Par conséquent, l’impossibilité de considérer automatiquement les manifestations d’un groupe autochtone comme un reflet immédiat de sa « pensée » nous conduit à nous éloigner encore plus de l’approche de la rationalité-pensée. Cette approche présente par ailleurs d’autres inconvénients qui ne sont pas sans importance ici. D’un côté, le caractère socialement construit d’une rationalité est négligé lorsque cette approche met l’accent sur les facultés neurobiologiques humaines. D’autre part, son accent manifeste sur l’individu introduit un biais psychique qui rend difficile d’envisager la dimension collective de la rationalité —si ce n’est du point de vue de la morale (Nozick 1993, Tambiah 1990:138-139), ou comme agrégat de désirs et décisions individuelles (Elster 1983:2). Enfin, la rationalité-pensée revenant dans certains cas à une rationalité épistémique ou logique argumentative (par exemple Alexander 2000:246, Foley 1987), le débat qu’elle a organisé a laissé intacte l’idée d’une « vérité », accessible par une autre rationalité objective, que les Occidentaux sont supposés atteindre avec une plus grande justesse que les savoirs autochtones. Mais dès lors que la vérité est conçue comme un effet de discours, construit et arrimé à une réalité institutionnelle donnée (chez Foucault 1983, par exemple), l’idée même de « rationalité » s’est affaiblie de manière importante.

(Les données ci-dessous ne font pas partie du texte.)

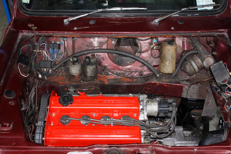 Just by sheer luck I found a Suzuki Swift GTI race car that the owner was about to replace with a late model Suzuki. I bought the car for $1500, took the engine, wire lume and ECU out of the car and through away the car. Actually, I kept the dash and the lights too and the 14” alloy wheels. You never know what it is good for… The wheels are now sold which knocked off a few buck of the purchase price.
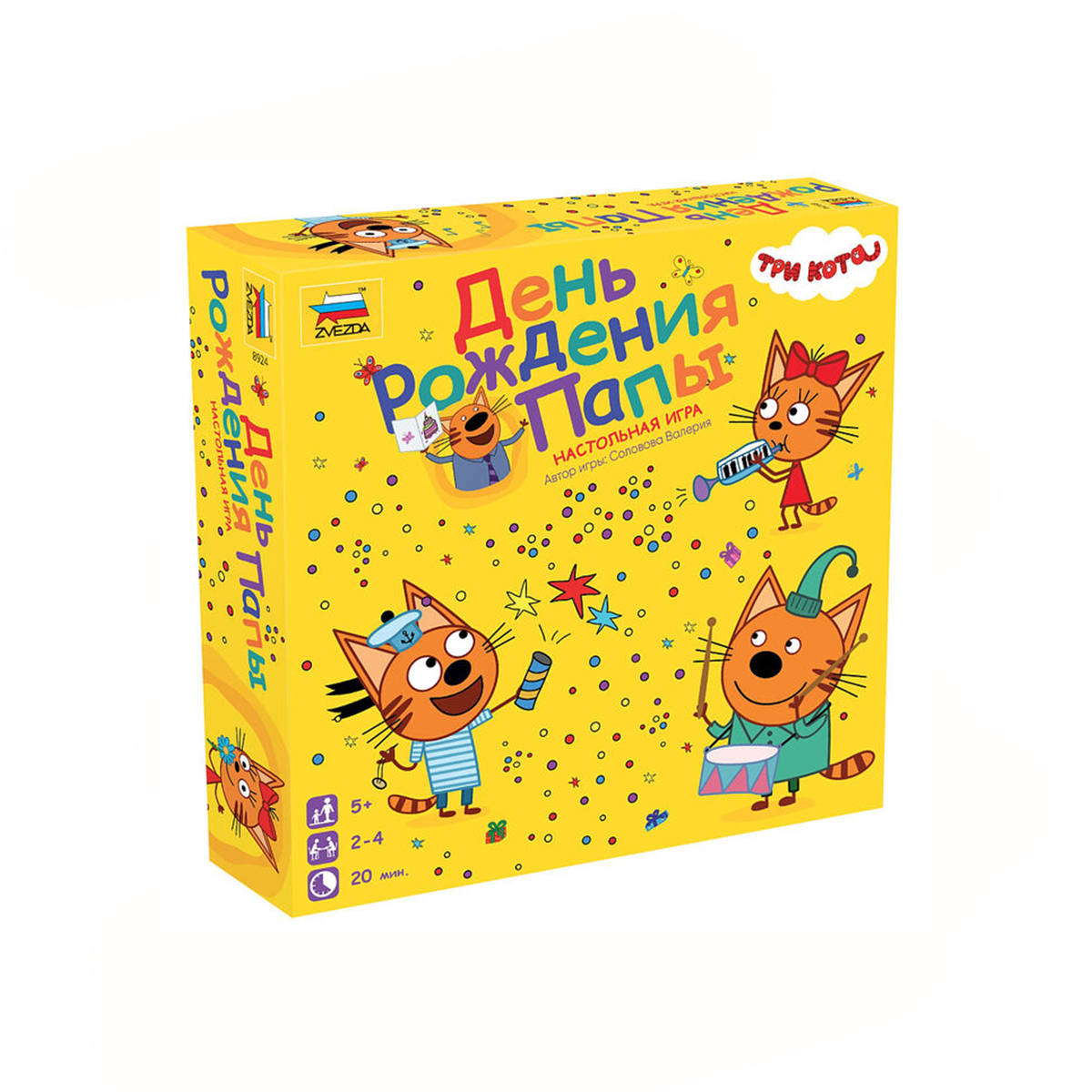 Звезда: Три кота. День Рождения Папы17 590Купить!тг.Marwin.kzДоставка: из АлматыПожаловатьсяПодготовить для Папы веселый день рождения — дело очень непростое! Но Коржик, Компот, Карамелька и Сажик уверены в успехе! До вечера им нужно придумать концертный номер и найти подходящий реквизит. еще→С любыми трудностями котятам поможет справиться Мама, которая сейчас готовит вкусный торт к празднику. Пора действовать! Вперёд! Игроки в роли котят будут передвигаться по игровому полю с помощью бросков кубика и собирать реквизит — цветные жетоны предметов. Как только игрок соберет три жетона предметов разных цветов, он может приступать к подготовке концертного номера. Отрепетировав номер в секторе подготовки, игрок получает карточку концертного номера. Задача игрока собрать 5 таких карточек и зарабо…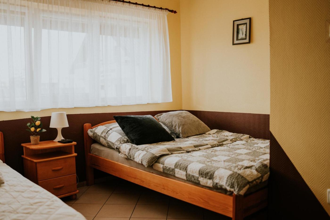 Pokój Trzyosobowy z prywatną łazienką. This triple room features a pool with a view. The triple room provides parquet floors and heating, as well as a private bathroom boasting a shower. Guests will find a refrigerator, kitchenware and a microwave in the kitchenette. The triple room also features a barbecue. The triple room offers a dining area, a wardrobe, an electric kettle, a flat-screen TV, as well as garden views. The unit has 2 beds. Pokój Trzyosobowy - 3 osobowy. Powierzchnia pokoju ok.: 16 mkw. ;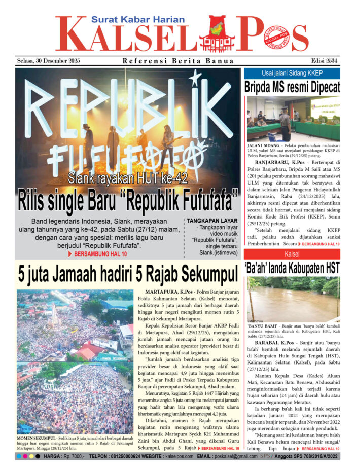 Slank rayakan HUT ke-42, Rilis single Baru “Republik Fufufafa” Zainal30 Desember 2025470 views Slank rayakan HUT ke-42, Rilis single Baru “Republik Fufufafa” 5 juta Jamaah hadiri 5 Rajab Sekumpul Usai jalani Sidang KKEP, Bripda MS resmi Dipecat ‘Ba’ah’ landa Kabupaten HST Download Epaper PDF Disini Bacaan LainnyaKUHP baru Lebih Untungkan Terdakwa, PN Barabai terapkan di Kasus PenganiayaanSampah Besar kiriman Hulu di Sungai Martapura, Berpotensi ‘hantam’ Jembatan67 ribu warga Terancam tak Terlindungi JKN Download Epaper PDF Disini Kalsel Pos Berita Terkini, Kabar Terbaru Hari ini Banjarmasin Kalimantan Selatan dan Nasional Pos terkaitKUHP baru Lebih Untungkan Terdakwa, PN Barabai terapkan di Kasus PenganiayaanSampah Besar kiriman Hulu di Sungai Martapura, Berpotensi ‘hantam’ Jembatan67 ribu warga Terancam tak Terlindungi JKN
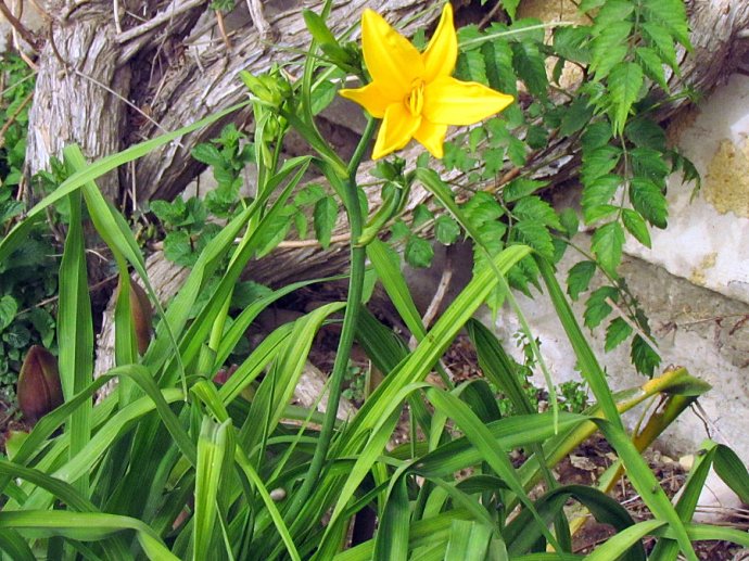 У лилейников длинные плоские узкие листья, которые растут пучком из корневой розетки растения, с поверхности почвы.

Qu’est-ce que la rationalité, si elle ne peut être comprise en fonction de la pensée d’un groupe ou d’un individu? Comment pourrait-elle être définie s’il ne s’agit plus d’un élément qui précède et détermine l’action? La prochaine section vise à baliser une définition qui nous éloigne des acceptions analysées jusqu’ici.

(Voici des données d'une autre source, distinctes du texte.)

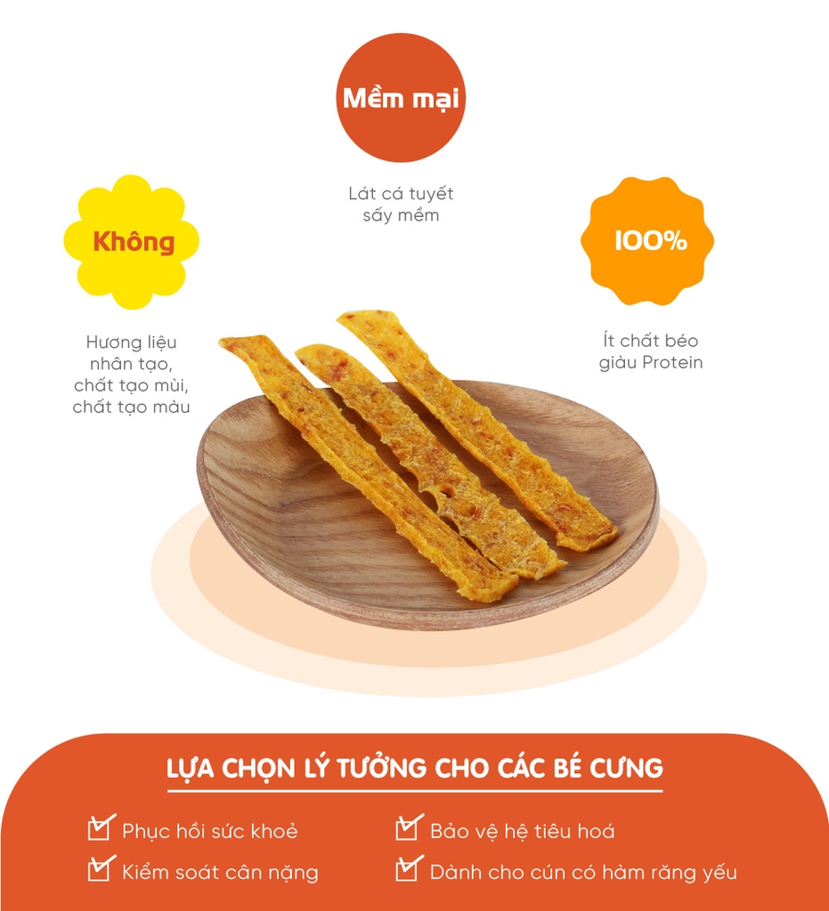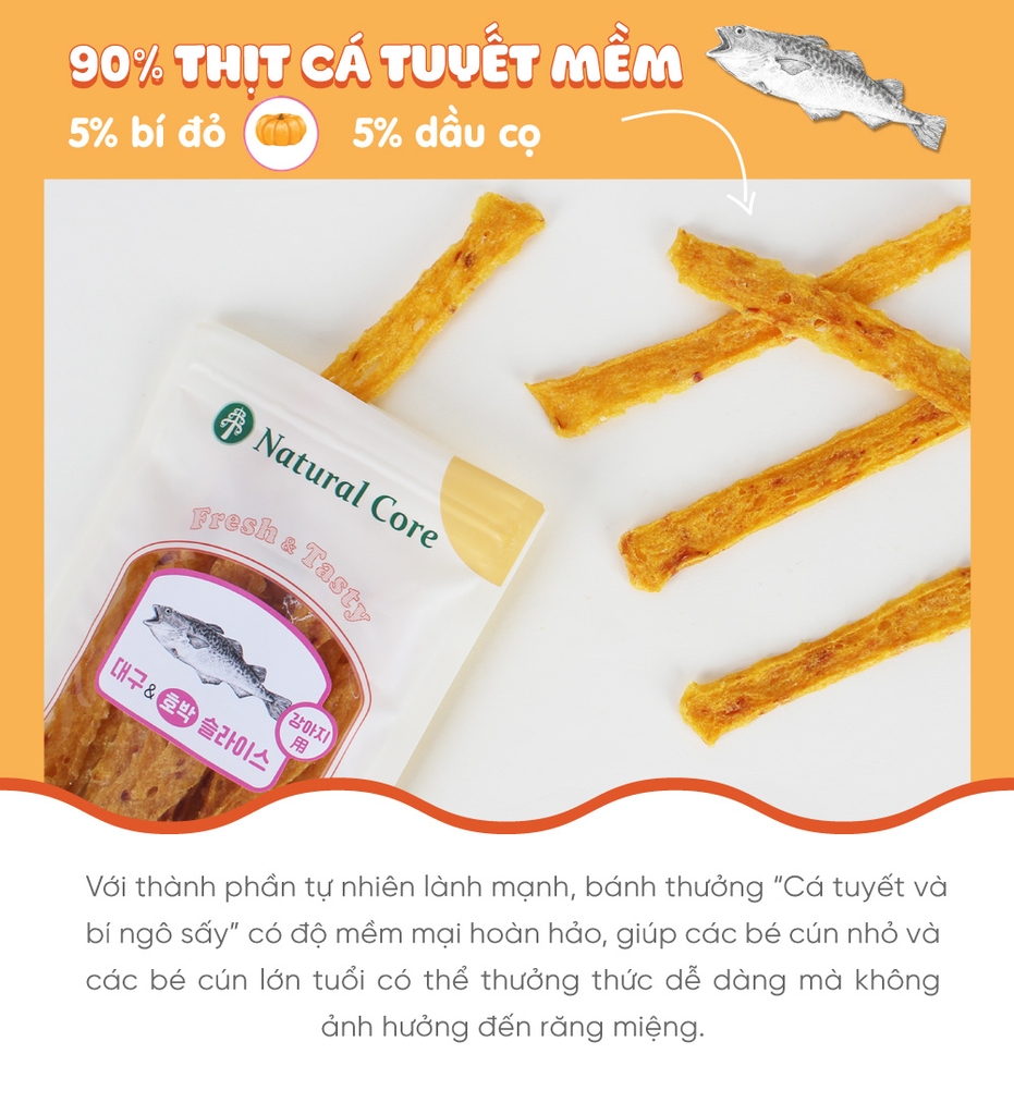 Thành phần: Thịt cá tuyết, bí ngô, Glycerin thực vật (dầu dừa).

25 Une mise en question analogue avait été posée par Malinowski lorsqu’il prit le langage comme moyen

pour comprendre la pensée : « There is nothing more dangerous than to imagine that language is a

process running parallel and exactly corresponding to mental process, and that the function of language is to reflect or to duplicate the mental reality of man in a secondary flow of verbal equivalents »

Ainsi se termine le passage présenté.